Cambiar pañales y cambiar el mundo están más cerca de lo que solía pensar. Se suele hablar de la “crisis de los cuidados” para describir cómo la forma actual de organización económica y política impide que podamos responder adecuadamente, como individuos y como sociedades, a la necesidad de cuidados. Sin ellos, la vida se desmorona. Nuestro sistema de producción y la forma en que nos organizamos políticamente se erigen sobre una urdimbre relacional de atenciones que se da por supuesta. Parafraseando a Monterroso, cuando el capitalismo y la democracia liberal despiertan, los cuidados ya están allí. Esta invisibilización no sale gratis. La pagan, primero, las mujeres y, segundo, las mujeres pobres. La distribución de la responsabilidad de cuidar no solo está atravesada por la desigualdad de género y de clase social, sino que además las retroalimenta.

Las respuestas que hasta la fecha nos hemos dado a esta situación son muy insuficientes, cuando no refuerzan la desigualdad de las mujeres. Las políticas de conciliación nos sitúan ante el Escila de reducir jornada ganando menos y el Caribdis de cuidar sin contar con ingresos. El resultado: dobles jornadas, fundamentalmente para las mujeres. Muchas veces, al “pastel” de la carga de trabajo le añadimos la “guinda” de los sentimientos de culpa y frustración, macerada en la cultura patriarcal que aún respiramos. Solo hay que prestar un poco de atención para percibir la huella de todo ese sufrimiento en los rostros y los cuerpos de las mujeres.

Otra manera de afrontar la crisis ha sido, expresado en términos de intercambio comercial, la importación masiva y a bajo coste de cuidadoras provenientes de países del Sur. La OIT estima en cerca de 12 millones – mayoría mujeres- las migrantes que trabajan en servicio doméstico. Esto es como si todo un país como Bélgica o Grecia se vaciara y mandara a su gente a atender niños y ancianas por todo el mundo.

Unas pocas de estas mujeres son las que he tenido en suerte encontrar en mi camino. Con ellas he puesto rostro y nombre a lo que la academia especializada llama “cadenas globales de cuidados y afectos”: mujeres que dejan a sus hijos/padres a cargo de otras mujeres (abuelas, tías, hermanas mayores, cuidadoras remuneradas…) para venir a cuidar a los hijos/padres de otras mujeres…y hombres. Me tiemblan las piernas al imaginar la separación. Agacho la cabeza con reverencia y humildad al ser testigo de la grandeza de su lucha cotidiana, del apoyo recíproco que se brindan y de cómo alzan su voz clamando por sus derechos. Se me expande el corazón cuando me contagian el afán por celebrar, llenas de agradecimiento, cuánto detalle o regalo trae la vida.  Y, por supuesto, me arde el pecho al conocer las condiciones indignas de trabajo que se ven abocadas a aceptar. Algo que, por cierto, no les ahorra ni los jirones de humanidad que dejan con cada persona que cuidan, ni experimentar el vértigo del vacío, ni transitar el recorrido del duelo cuando la muerte reclama a algún anciano a su cargo. Exprimidas allá donde se cruza lo peor de la legislación laboral y del régimen de extranjería, hace apenas tres meses, la trágica muerte de Verónica nos puso delante de los ojos esta amarga realidad a la que preferimos no mirar.

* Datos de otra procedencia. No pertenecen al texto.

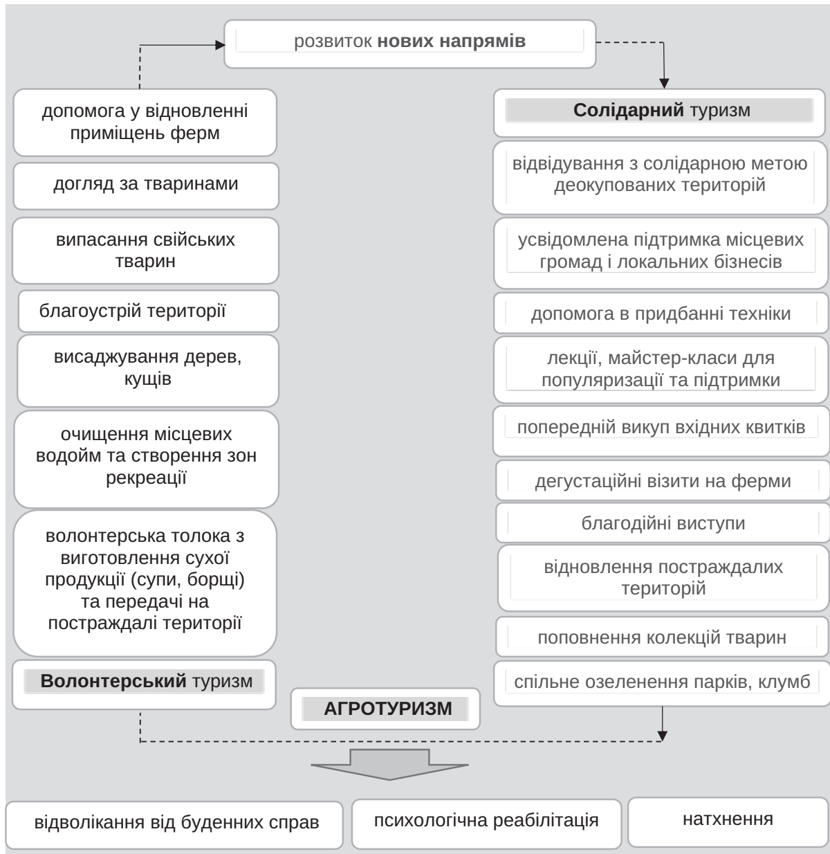
Рис. 2. Волонтерський та солідарний туризм у відновленні агротуризму

derecho a cuidarAsí pues, cuidamos – ellas cuidan, vosotras cuidáis – sin apenas derechos. Y a la vez, vemos  que el acceso a nuestro derecho a cuidar-cuidarnos se alcanza a altísimo coste. Hablar del derecho a cuidar conlleva traer a la conversación también su contraparte: el deber y la obligación de hacerlo. Si, como decimos, los cuidados son un bien socialmente necesario para la reproducción y el sostenimiento de la vida, “todas las personas, hombres y mujeres, tenemos la responsabilidad y la obligación de cuidar unos de otros. Y con ella, el deber de construir un marco social en el que poder cuidarnos, en el que poder repartir y compartir esos cuidados”. Así lo resume brillantemente Carolina del Olmo en su inspirador trabajo “¿Dónde está mi tribu?” (cuya reseña habéis encontrado enlazada más arriba).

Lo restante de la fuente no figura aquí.